13 Replies Latest reply on Apr 27, 2009 12:21 PM by karltraunmueller

    Authentification problems in Jboss 5

    tgueze

      I am using Jboss 5 app server and I have some problems when using jaas authentification.

      Different users login and logout successively and call beans methods.
      On the client side, I have a custom login module which perform authentification.
      On the server side, I use the ClientLoginModule.
      In the beans, I retrieve the EJBContext with a lookup and get the caller principal.
      Sometimes it works, but sometimes, the caller returned doesn't correspond to the user who made the login. It corresponds to a user who was logged before and who logout.

      final Object o = new InitialContext().lookup("java:comp/EJBContext");
      final Class< ? > ejbContextClass = Class.forName("javax.ejb.EJBContext");
      final Method getCallerPrincipalMethod = ejbContextClass.getMethod("getCallerPrincipal");
      final Principal principal = (Principal) getCallerPrincipalMethod.invoke(o);
      final String callerId = principal.getName();
      


      Any idea? Do I forgot something?

      Thanks.

        • 1. Re: Authentification problems in Jboss 5
          ragavgomatam

          Try setting the Cache in login-config.xml as zero

          • 2. Re: Authentification problems in Jboss 5
            tgueze

            Thanks for the response ragavgomatam but it didn't work.

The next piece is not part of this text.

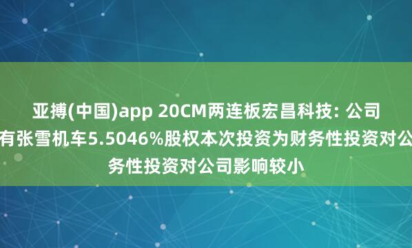 亚搏(中国)app 20CM两连板宏昌科技: 公司参设基金捏有张雪机车5.5046%股权本次投资为财务性投资对公司影响较小

            I'm using the Jboss 5 RC2 version and I have the same trouble.
            Same configuration : a login module performing the authentification on the client side, the ClientLoginModule on the server side.

            I'm using EJB 3 stateless session beans.

            So a user is logged perform some operations on the beans, then it log out and log an different user and it perform some operations too. I have run these steps in debug mode, and the login is committed, so I assume my new user is logged.
            In the server side, when I retrieve the caller name in the beans, I get the old user name.

            The first user is also the first caller of the beans.
            I setted the cache to 0 and set the multi-threaded and restore-login-identity to true but it had no effect.

            Any idea?
            Thanks in advance.

            • 3. Re: Authentification problems in Jboss 5
              jaikiran

              I may be way off target, but i think this has something to do with the ClientLoginModule. See if this wiki is of any help http://wiki.jboss.org/wiki/ClientLoginModule

              • 4. Re: Authentification problems in Jboss 5
                tgueze

                I agree and I have read the wiki page.
                I tried to set the different options but it didn't solve my problem.

                I certainly miss something in the configuration, but I can't figure out what...

                • 5. Re: Authentification problems in Jboss 5
                  tgueze

                  Nobody have a clue?

                  The EJB Context should be refresh between two calls, right?
                  The user admin is the first caller of my EJB (so creating the instances) and I get him as principal name even after logout and login of another user. Are they any configuration in Jboss concerning this point?

                  Thanks.

                  • 6. Re: Authentification problems in Jboss 5
                    hanselmo

                    I've the same problems.
                    I'm testing my ejbs with junit and I try to access with ClientLoginModule (JAAS method) and also with JndiLoginInitialContextFactory in the lookup properties (JNDI method) methods works well in jboss-4.2.3 but not in jboss-5.0.0.CR2.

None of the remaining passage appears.